The failure has left biologists puzzled about the missing heritability, which some have jokingly attributed to "dark matter" within the human genome, an analogy with the dark matter invoked by cosmologists to explain the missing mass of the universe.

Some experts believe the missing risk might be carried in a large number of rare DNA variants not included in current scans of patients' genomes. Because it costs too much to decode all three billion units of DNA in a patient's genome, biologists use chips that scan just the 500,000 sites where variation is most common. These sites were expected to explain the genetic component of common diseases like cancer or schizophrenia, but mostly do not do so.

Another explanation is that the missing heritability lies in aspects of cell biology that are not yet understood. 

DeCode scientists have found one such instance. They report in Friday's Nature that a DNA variant increases a person's risk of Type 2 diabetes by 30 percent if inherited from the father, but reduces the risk by 10 percent if it comes from the mother. 

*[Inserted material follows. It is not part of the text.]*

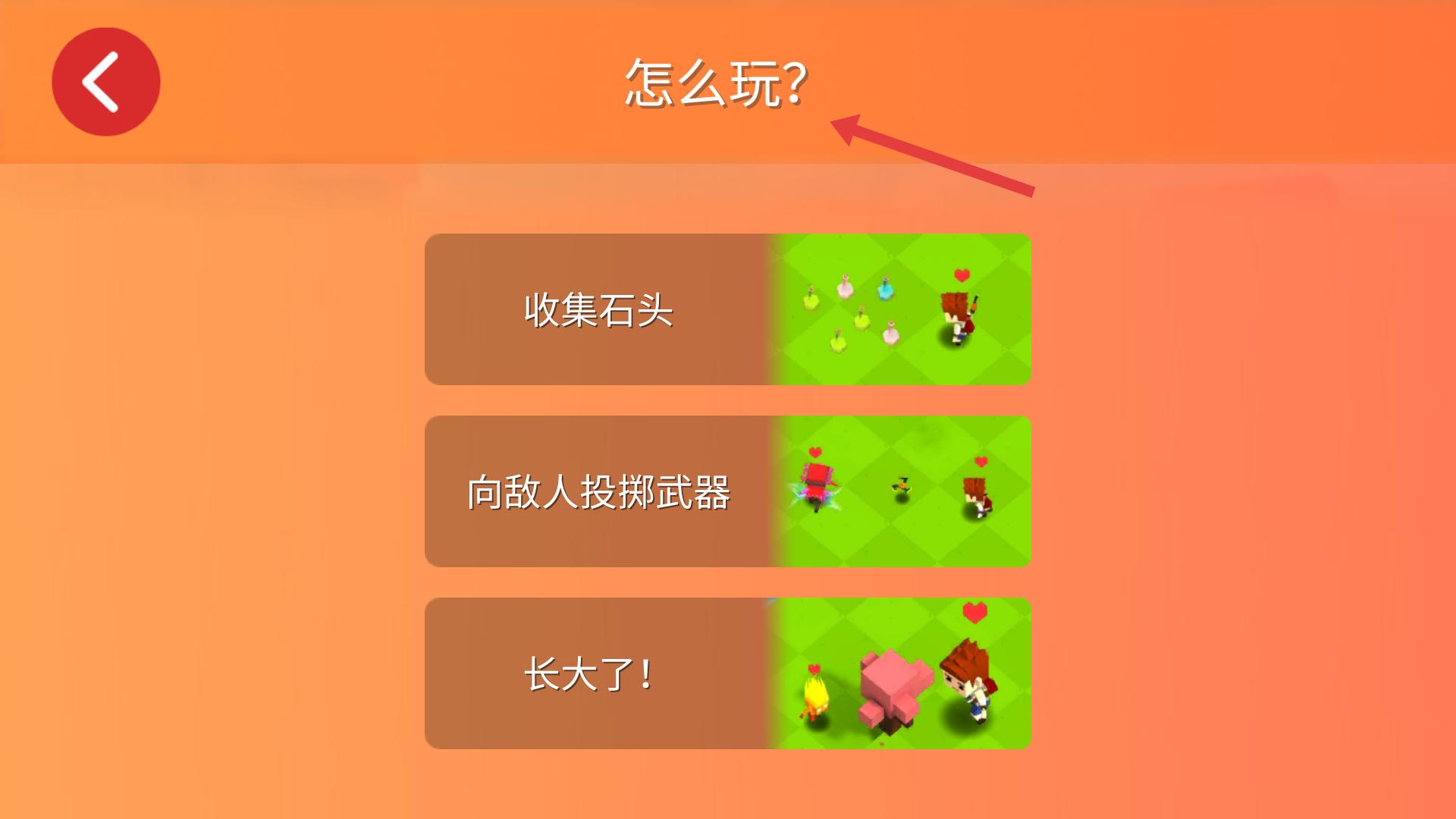 4、進(jìn)入怎么玩界面,可了解游戲玩法,包括收集石頭、向敵人投擲武器等,熟悉這些玩法,能更好地進(jìn)行游戲。

Because the two effects tend to cancel each other out, they have not been picked up by the standard tests that do not identify the parental origin of each section of DNA.

DeCode found that five of seven variants tested made different contributions to disease depending on the parent of origin. In most cases the effect was of differing degrees of severity, depending on the parent involved.

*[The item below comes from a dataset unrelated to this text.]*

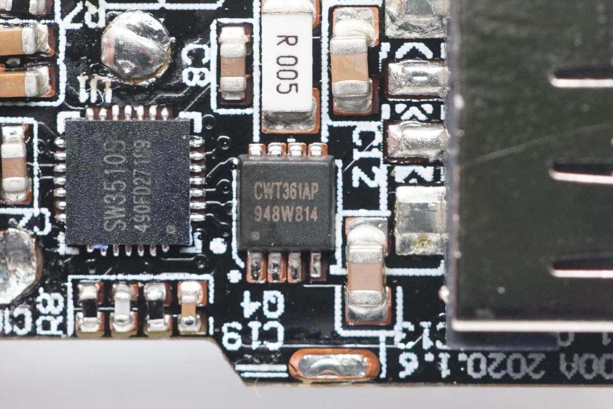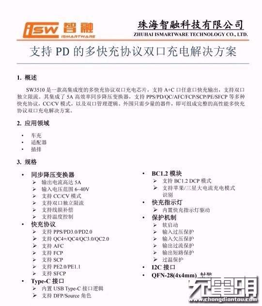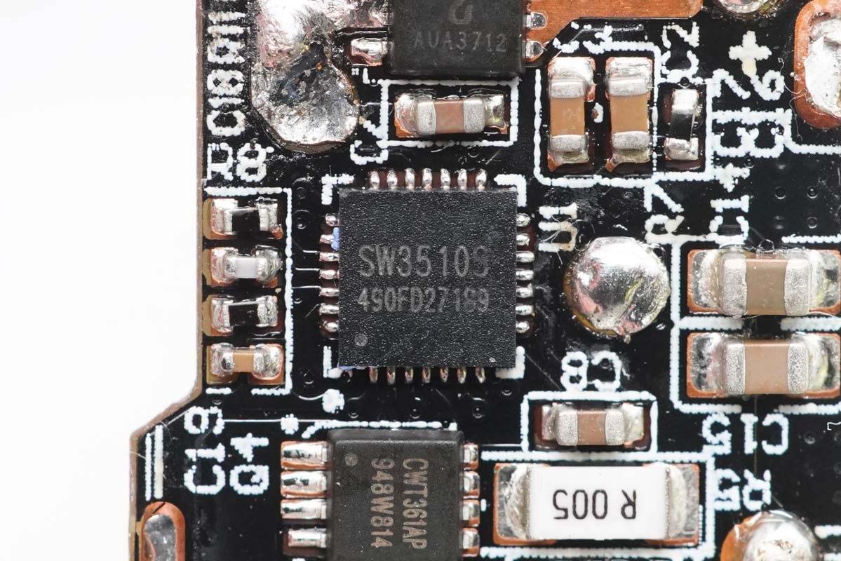 降压协议IC采用智融SW3510,用于1A1C接口输出电压控制。智融SW3510是一颗内置有USB-C口识别及多种快充功能的高集成度双口充电芯片,支持A+C口任意口快充输出,支持双口独立限流。

To increase the chances of seeing such an effect the researchers tested known disease-associated variants that lay close to so-called imprinted genes, ones where the copy from one parent is suppressed. They now plan to survey the rest of the genome.

Kari Stefansson, DeCode's chief executive, said he could not predict how large a percentage of the missing heritability the parent-of-origin effect might account for. "But I think it's going to be substantial," he said.

Dr. Stefansson said that its access to the Icelandic genealogical database would give it an advantage in searching for disease genes in circumstances where it is essential to know the genetic structure of a population.

Mark Daly, a medical geneticist at Massachusetts General Hospital, said that DeCode's result was "a significant finding" and that it confirmed the idea that effects of this nature would account for some of the missing heritability.